◆ **DATASET**:
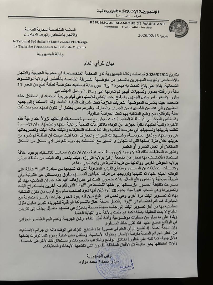بتاريخ 04/02/2026 توصلت وكالة الجمهورية لدى المحكمة المتخصصة في محاربة العبودية والاتجار بالأشخاص وتهريب المهاجرين بإشعار من مفوضية الشرطة الخاصة بالقُصَّر في ولاية نواكشوط الشمالية، بناءً على بلاغ تقدمت به مبادرة "إيرا" حول حالة استعباد مفترضة لطفلة تبلغ من العمر 11 سنة، وأرفقته بصور وتسجيلات فيديو تم تداولها على وسائل التواصل الاجتماعي.
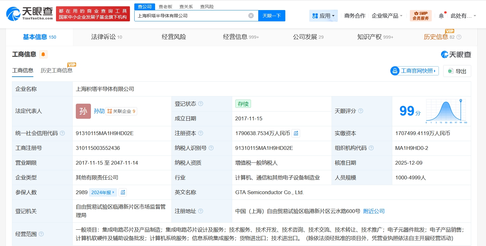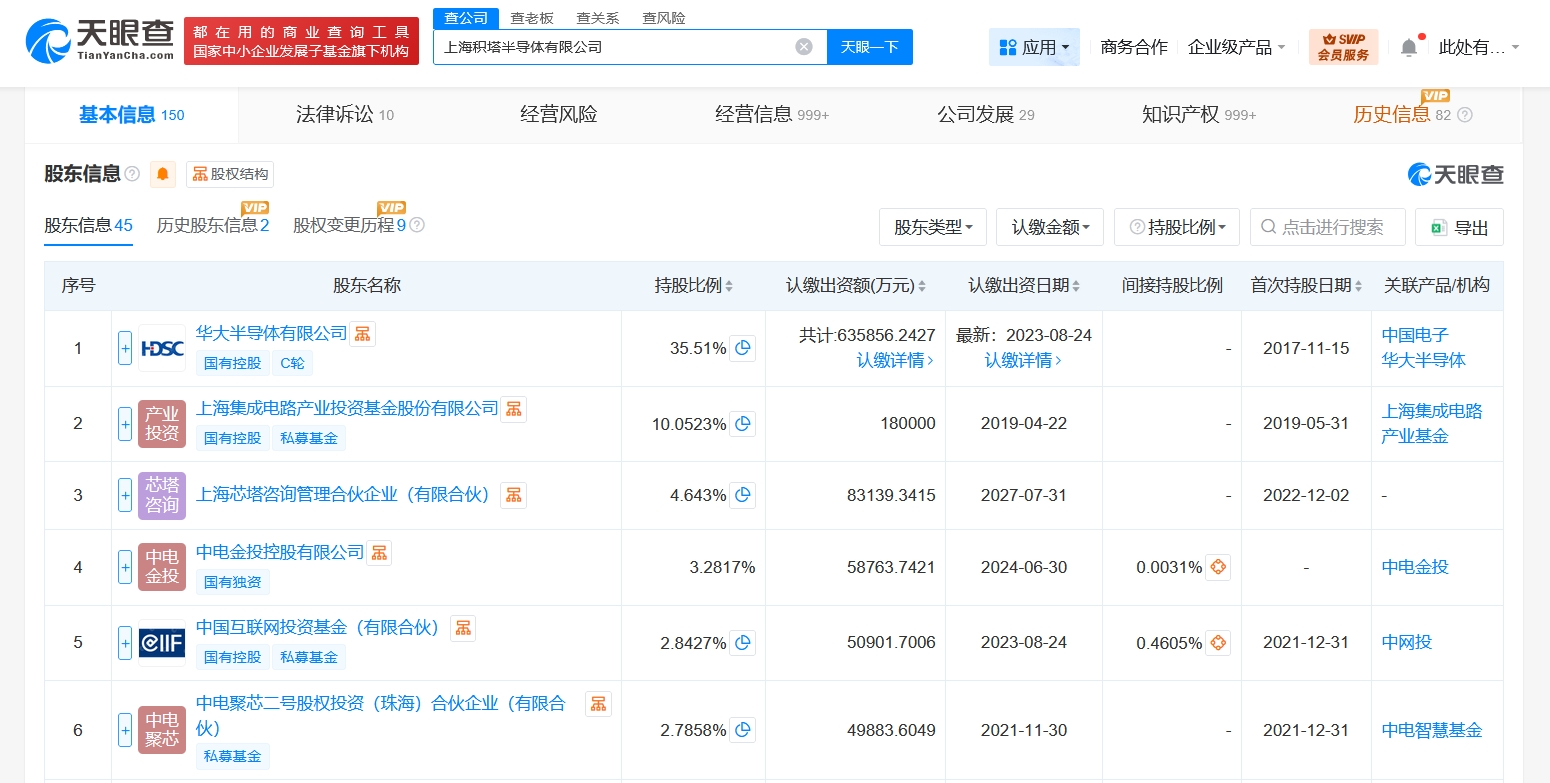 上海积塔半导体有限公司成立于2017年11月,法定代表人为孙劼,经营范围含集成电路芯片及产品制造、集成电路芯片设计及服务、电子元器件批发、电子产品销售、计算机软硬件及辅助设备批发、计算机系统服务、信息系统集成服务等。股东信息显示,该公司现由华大半导体有限公司、上海集成电路产业投资基金股份有限公司、中国互联网投资基金(有限合伙)及上述新增股东等共同持股。
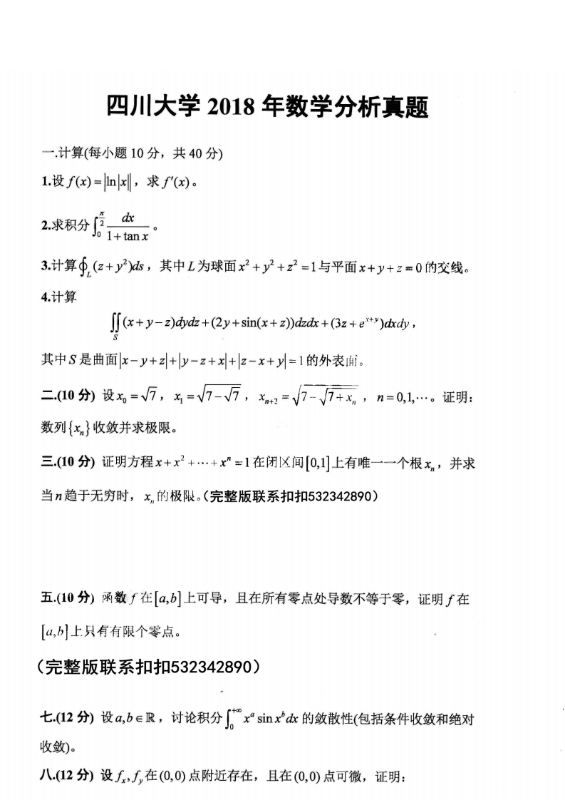 川大考研辅导:四川大学数学分析2018年考研真题及答案详解
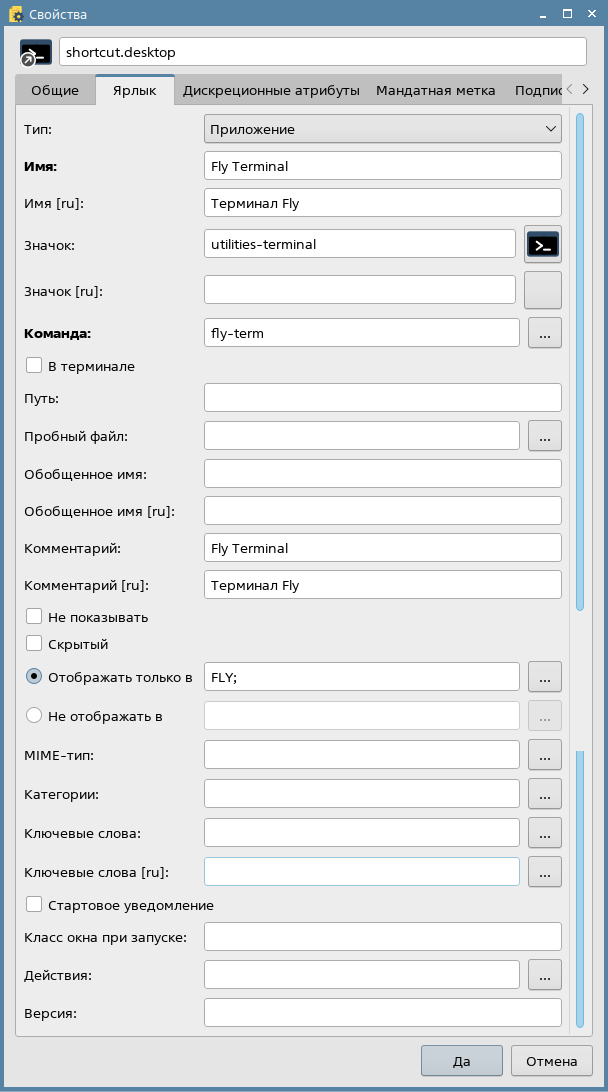 • заполнить остальные поля аналогично полям вкладки Ярлык;
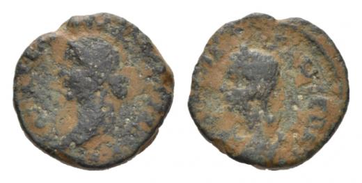 Aquilia Severa, wife of Elagabalus Bronze, Æ 18.5mm., 4.62g. ACVILIA SEVERA Draped bust of Aquilia Severa l. Rev. COL AECAP COMMPFA Bust of Tyche l. Meshorer 145.
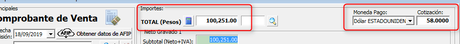 Moneda de pago y cotización: Los comprobantes que se emiten en moneda extranjera, poseen el Total en pesos, la Moneda extranjera y su cotización, para ello se utilizan los campos Moneda de pago y Cotización.
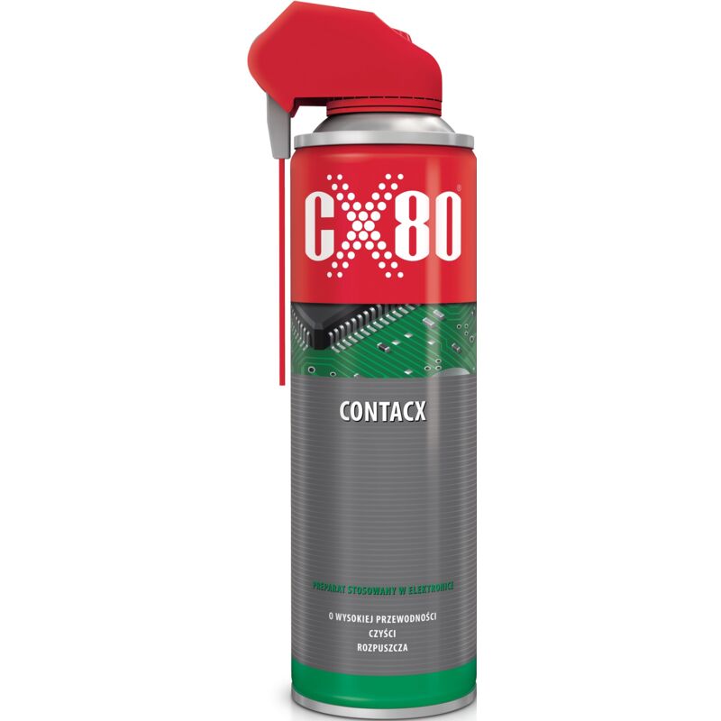 CX80 CONTACX detergenti e solventi, sviluppati appositamente per l'elettronica e l'elettrotecnica. PROPRIETÀ: Rimuove grasso, sporco, vecchi grassi e oli, siliconi, solfuri e ossidi disciolti nonché tutti i residui di saldatura (inclusa colofonia). Schede dopo aver completato l'assemblaggio degli elementi • per eliminare crepe e cigolii dei potenziometri • durante la realizzazione di collegamenti di cavi e bordo-bordo quando è richiesta la massima riduzione della resistenza (assemblaggio computer, hi-end, saldatura). Duo spray 500 ml**

◆ **EXERCISE REQUIREMENTS**: Return the complete material exactly as it appears, without images.

◆ **TASK OUTPUT**:
بتاريخ 04/02/2026 توصلت وكالة الجمهورية لدى المحكمة المتخصصة في محاربة العبودية والاتجار بالأشخاص وتهريب المهاجرين بإشعار من مفوضية الشرطة الخاصة بالقُصَّر في ولاية نواكشوط الشمالية، بناءً على بلاغ تقدمت به مبادرة "إيرا" حول حالة استعباد مفترضة لطفلة تبلغ من العمر 11 سنة، وأرفقته بصور وتسجيلات فيديو تم تداولها على وسائل التواصل الاجتماعي.
 上海积塔半导体有限公司成立于2017年11月,法定代表人为孙劼,经营范围含集成电路芯片及产品制造、集成电路芯片设计及服务、电子元器件批发、电子产品销售、计算机软硬件及辅助设备批发、计算机系统服务、信息系统集成服务等。股东信息显示,该公司现由华大半导体有限公司、上海集成电路产业投资基金股份有限公司、中国互联网投资基金(有限合伙)及上述新增股东等共同持股。
 川大考研辅导:四川大学数学分析2018年考研真题及答案详解
 • заполнить остальные поля аналогично полям вкладки Ярлык;
 Aquilia Severa, wife of Elagabalus Bronze, Æ 18.5mm., 4.62g. ACVILIA SEVERA Draped bust of Aquilia Severa l. Rev. COL AECAP COMMPFA Bust of Tyche l. Meshorer 145.
 Moneda de pago y cotización: Los comprobantes que se emiten en moneda extranjera, poseen el Total en pesos, la Moneda extranjera y su cotización, para ello se utilizan los campos Moneda de pago y Cotización.
 CX80 CONTACX detergenti e solventi, sviluppati appositamente per l'elettronica e l'elettrotecnica. PROPRIETÀ: Rimuove grasso, sporco, vecchi grassi e oli, siliconi, solfuri e ossidi disciolti nonché tutti i residui di saldatura (inclusa colofonia). Schede dopo aver completato l'assemblaggio degli elementi • per eliminare crepe e cigolii dei potenziometri • durante la realizzazione di collegamenti di cavi e bordo-bordo quando è richiesta la massima riduzione della resistenza (assemblaggio computer, hi-end, saldatura). Duo spray 500 ml**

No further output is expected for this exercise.